We now face a variety of economic governance crises. The problem of TBTF finance and financialization remain very much matters of central concern. But we also now face a renewed awareness of the problems of market concentration and private power in other sectors as well. And battles over the eroding safety net and the changing nature of work raise similar tensions between the need to respond to private power and the hijacking of market systems, and the challenge of ensuring responsive and accountable regulation. The financial crisis—and the limits of our regulatory response to the crash—thus offer important lessons for our broader understandings of how to conceptualize and institutionalize economic governance in an era of economic and political inequality.   

State, Market, and Democracy

We are accustomed to viewing these economic policy debates as a clash between proponents of “free” markets on the one hand and advocates of expanded government regulation on the other. But in my book, Democracy Against Domination, I suggest that economic governance is much more directly about the problem of power and domination—and ultimately, about values of democracy. 

Markets are not forces of nature, nor are they simply ‘free’ by default. Rather, they are products of law and policy, and can be constructed—and distorted—in different ways. The problem of too-big-to-fail (TBTF) financial firms, for example, is more than simply a market failure; it represents the rise of dominant private actors who carry enormous influence on the rest of the economy, and can extract rents and high profits on the basis of their control over the financial lifeblood of the economy. These actors are so interconnected, large, and systemically important that they defy conventional checks and balances of either market competition or regulatory oversight. A well-functioning economy requires restraints on such excessive concentrations of power. 

This problem of unchecked economic power skewing the workings of the economy provides a powerful argument for government action. But regulation itself also raises questions of power and democracy, specifically to the extent that we may distrust regulatory bodies themselves as prone to capture, influence, or simply being incapable of addressing the complexities of the modern economy.

Regulatory capture, as a number of scholars have documented, involves more than mere quid pro quo corruption. It can often arise from more subtle forms, such as the dependency of regulators on industry for data and information needed to develop and enforce rules (“epistemic capture”); the inability of regulators to keep pace with the sheer complexity of the modern market, resulting in policies that are outdated, in effect serving the interests of newer, more sophisticated industry players (“complexity capture” or “bureaucratic drift”); the shared cultural and social background between regulators and industry actors, which results in more industry-friendly oversight (“cultural capture”). In the build up to the financial crisis, regulators themselves failed to head off the worst kinds of risky behavior, buying in to theories of self-correcting financial markets, dismantling many 20th century regulations as inefficient, and failing to keep up with the rapid changes in modern finance. 

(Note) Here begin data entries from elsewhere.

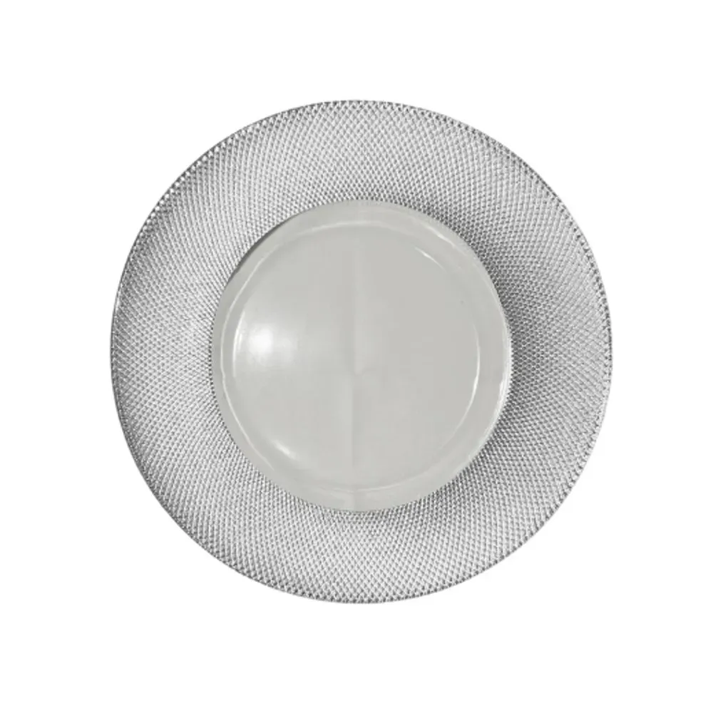 Añade un acento de elegancia y distinción a tu mesa con este plato sitio-base plateado de 33 cm en vidrio de Carmiña Villegas. Su acabado brillante aporta una luminosidad sofisticada que realza la presentación de la vajilla, creando composiciones armoniosas y de gran impacto visual.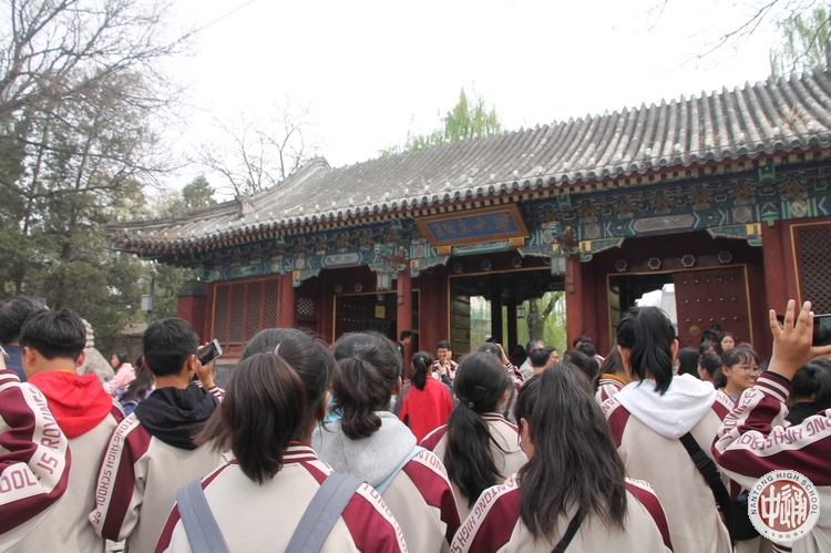 与北大一墙之隔的是水木清华。朱自清的《荷塘月色》、李健的“水木年华”、题写“清华园”的老校门等等也许是很多学生对清华最初的印象,当这些模糊中的印象在眼前清晰、亲手可触时,那会有种莫名的兴奋与幸福。同学们在清华园所见的是百年芳华的清华大礼堂、图书馆、清华学堂等二十余座老建筑,是蜚声遐迩的荷塘;品读的是清华人自强不息、厚德载物的品格;感受的是一代代清华先贤天下责任的家国情怀。当步行到清华老校门时,同学们驻足于旁,一张校门前的合影寄托着同学们对自己理想大学的向往和追求。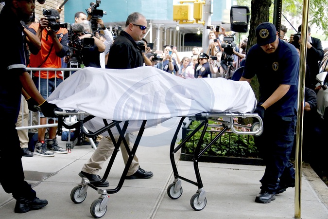 Samobojstwo Kate Spade - Policjanci wywoza cialo projektantki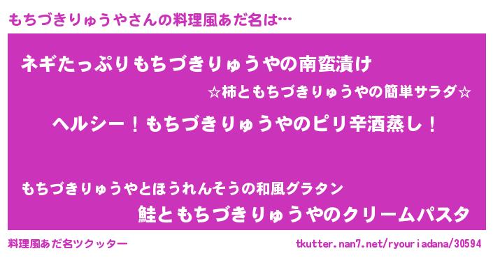 | 男性向けラノベタイトル風あだ名 | 『Re:もちづきりゅうやから始める異世界生活』 |

So while the problem of economic power motivates a turn to regulation, regulation itself is a product of legal and political institutions. How those institutions shape the regulatory process in turn informs our sense of regulation’s capacity, efficacy, and ultimately, its desirability. The challenge of economic governance, then, is to develop institutions and policies that can simultaneously check the concentration of private economic power, while ensuring that the public power of the state is itself accountable and responsive to the democratic public. 

Technocratic regulation and the problem of power

Our conventional route for solving this dilemma has been to rely on a faith in technocratic expertise.  Consider the mainstream response to the financial crisis. In April of 2010, President Obama travelled to the Cooper Union to give a critical speech in defense of his proposed financial regulation reform package. The immediate crisis of the 2008-9 crash had passed, and the administration had turned its attention to the broader question of how to reform the financial sector—and the financial regulators—to prevent future crashes. With protestors outside chanting for the criminal prosecution of Wall Street CEOs, and with those same CEOs sitting in the front row of the auditorium, Obama made his case. What was distinctive about Obama’s account was not his policy proposals—which were substantial—but rather the way in which he framed the problem.

In Obama’s speech as well as in policy blueprints developed by the Treasury, the problem of the financial crisis was understood as essentially a problem of excess risk, arising from a combination of regulatory gaps, failed oversight, and overly risky business practices. The solution, on this approach, seemed straightforward: provide greater resources, authority, and insulation for expert regulators at the Fed and the SEC and other agencies to mitigate risks of future crashes. 

This basic model, which continued to shape much of the eventual Dodd-Frank financial reform statute’s approach to the too-big-to-fail (TBTF) problem, falls within a well-worn tradition of liberal economic policy. It draws on the tradition of technocratic regulatory oversight established in the New Deal by intellectuals and policymakers like James Landis, who designed and later led the SEC specifically to be an expert-based policymaking body that was suited to the complexities of the modern economy in a way that Congressional or judicial institutions simply were not. It also follows in the more recent tradition of liberal conceptions of “good governance,” which sought to respond to the conservative attacks on government and defenses of self-optimizing markets in the late twentieth century by narrowing the vision of the role of government to simply closing market failures, and seeking to bolster the legitimacy of regulation by grounding it more rigidly to ideals of rationality, cost-benefit analysis, and political neutrality.   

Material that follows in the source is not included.